*HOW TO COMPLETE THIS TASK:*
Hand back every line from the beginning of the data below through the line containing "Ol’ Woody, Yautja", word for word and free of pictures.

*Extracted records:*

● ● ● ● ● ● ●

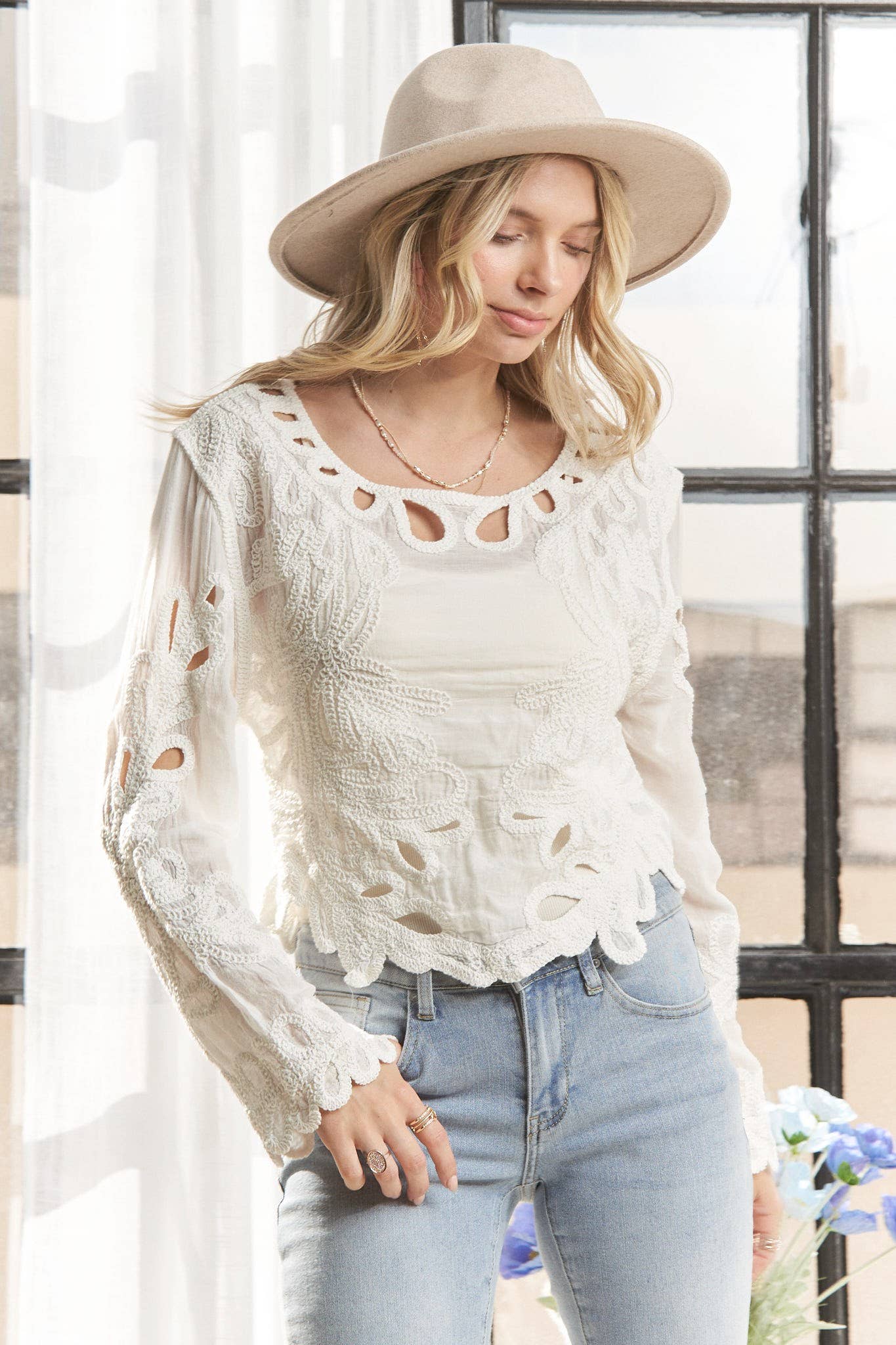 3/4 BELL SLEEVES LACE BLOUSE WITH SCALLOP EDGE 100% COTTON MADE IN CHINA *Bell sleeves *Lace *Scallop hem Actual product color may vary from the images shown. Every monitor or mobile display has a different capability to display colors, and every individual may see these colors differently.
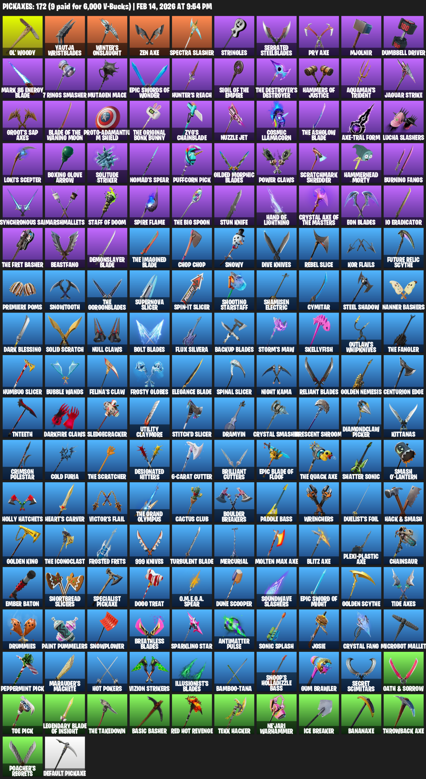 Ol’ Woody, Yautja Wristblades, Winter’s Onslaught, Zen Axe, Spectra Slasher, Stringles, Serrated Steelblades, Mjolnir, Dumbbell Driver, Mark 85 Energy Blade, 7 Rings Smasher, Mutagen Mace, Hunter’s Reach, Hammers of Justice, Aquaman’s Trident, Jaguar Strike
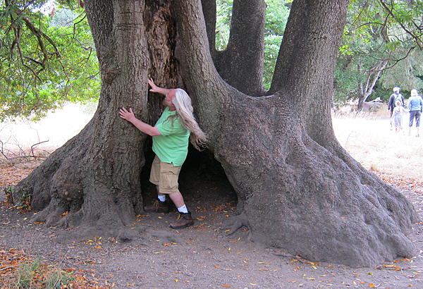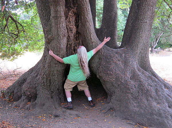 Here's a pic of me meeting a big tree while on a hike in Point Reyes National Seashore -- I can't remember right now whether it was Mark (Hairball) or Scott (Absalom) who took this pic of me with my camera; but in any case, I have no clue what I'm pretending to be doing...
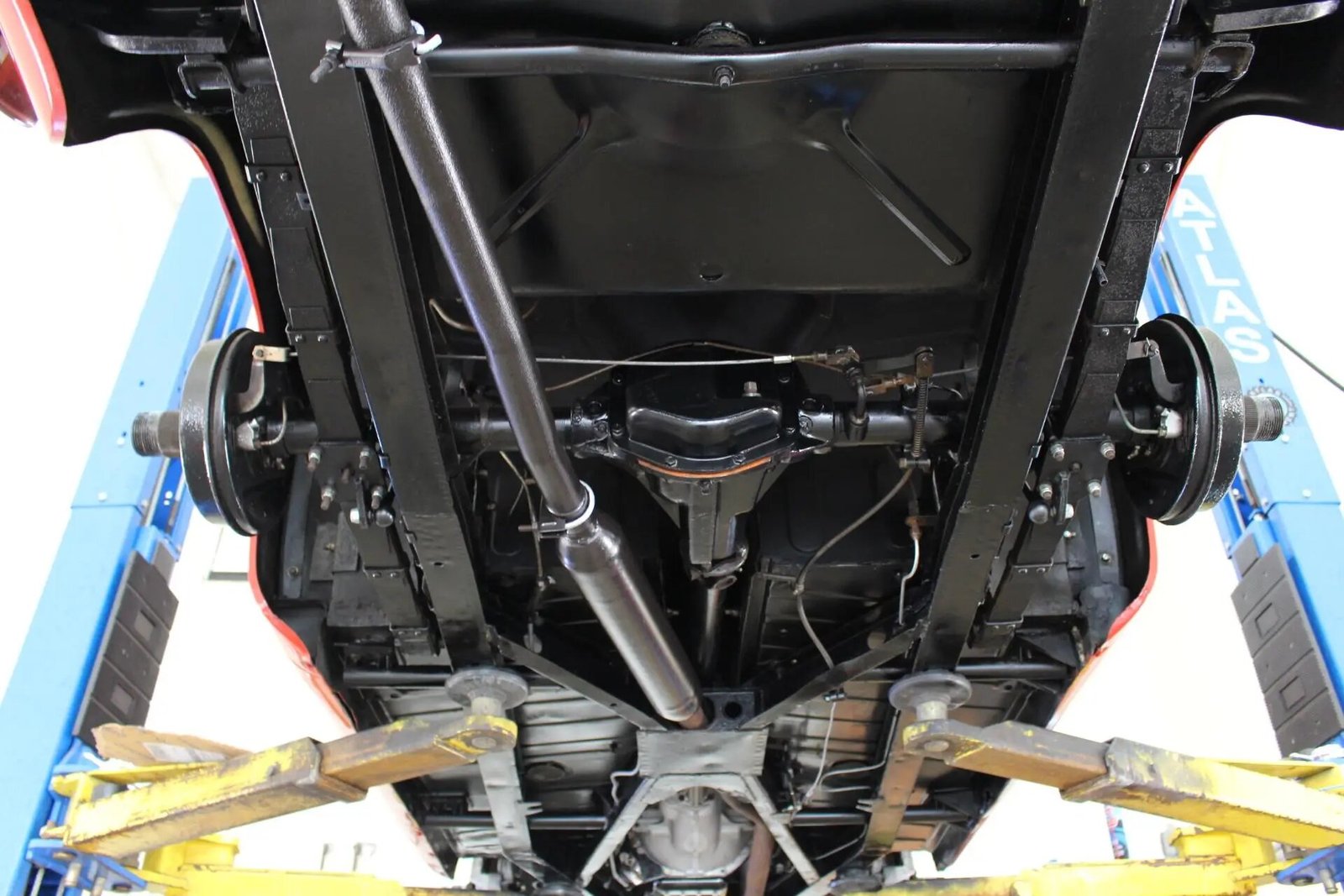 Chrome-finished 15″ wire wheels are secured via two-eared knock-off spinners and are mounted with Bridgestone RD-108 tires.
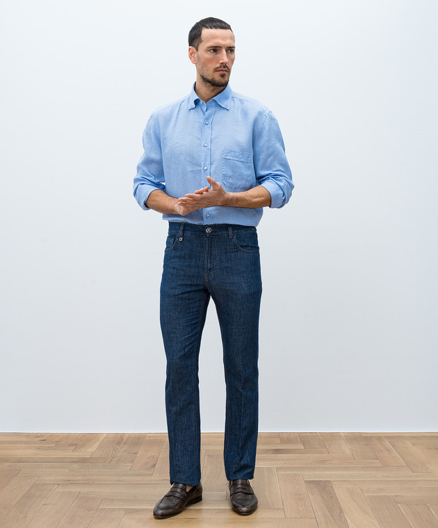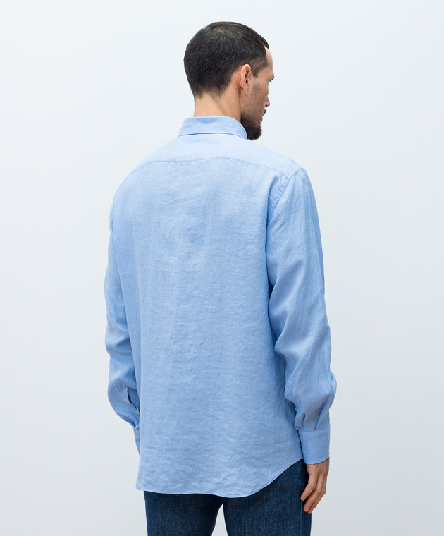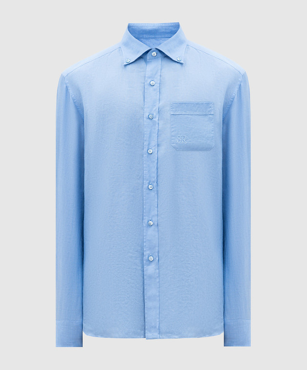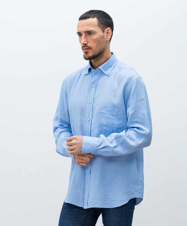 Блакитна сорочка з льону з монограмою логотипа
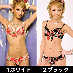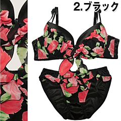 胸いっぱいにひろがるROSE柄が上品に♪シフォン生地のフリルで胸元を可愛く(●´ω`●)☆センターには存在感のある大きいリボン付き♪ストラップにはCUTEなミニリボン付きでその下からは2重になっているので脇肉を一気に寄せて上げられる優秀ブラ☆ショーツも同じROSE柄シフォンでセンターにはリボン♪サイドにかけてひらひらのフリルがCUTEに演出☆ブラもショーツも後ろはサテン素材なのでスッキリしたバックスタイルにッ♪パッドは超厚い内蔵パッドなので綺麗な谷間の完成!!高級感抜群の上品オーラを放出させてッヽ(*゜∀゜*)ノ!!
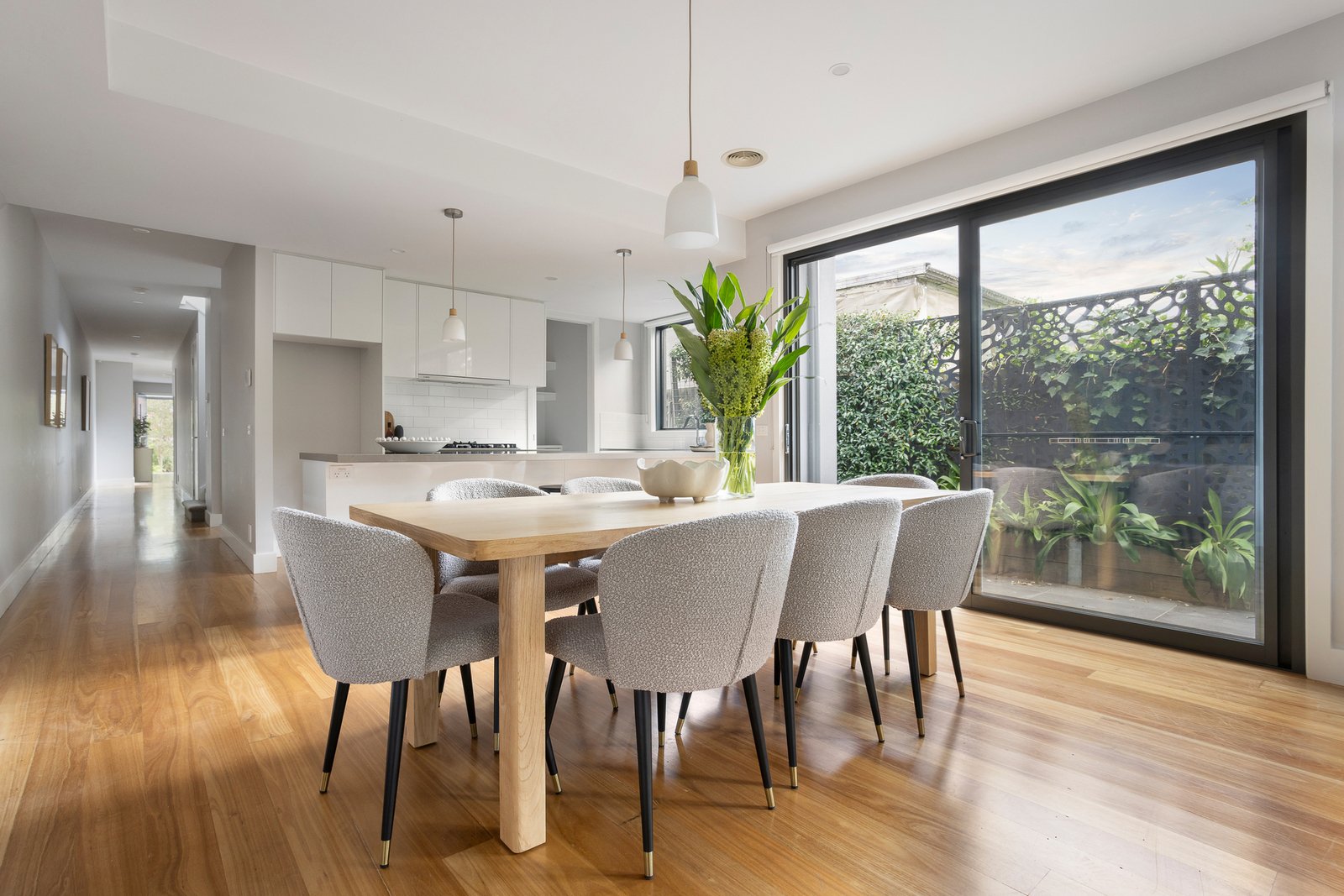 An inviting entrance hall featuring timber floors flows through to a gourmet...

● ● ● ● ● ● ●

*EXERCISE SOLUTION:*
 3/4 BELL SLEEVES LACE BLOUSE WITH SCALLOP EDGE 100% COTTON MADE IN CHINA *Bell sleeves *Lace *Scallop hem Actual product color may vary from the images shown. Every monitor or mobile display has a different capability to display colors, and every individual may see these colors differently.
 Ol’ Woody, Yautja Wristblades, Winter’s Onslaught, Zen Axe, Spectra Slasher, Stringles, Serrated Steelblades, Mjolnir, Dumbbell Driver, Mark 85 Energy Blade, 7 Rings Smasher, Mutagen Mace, Hunter’s Reach, Hammers of Justice, Aquaman’s Trident, Jaguar Strike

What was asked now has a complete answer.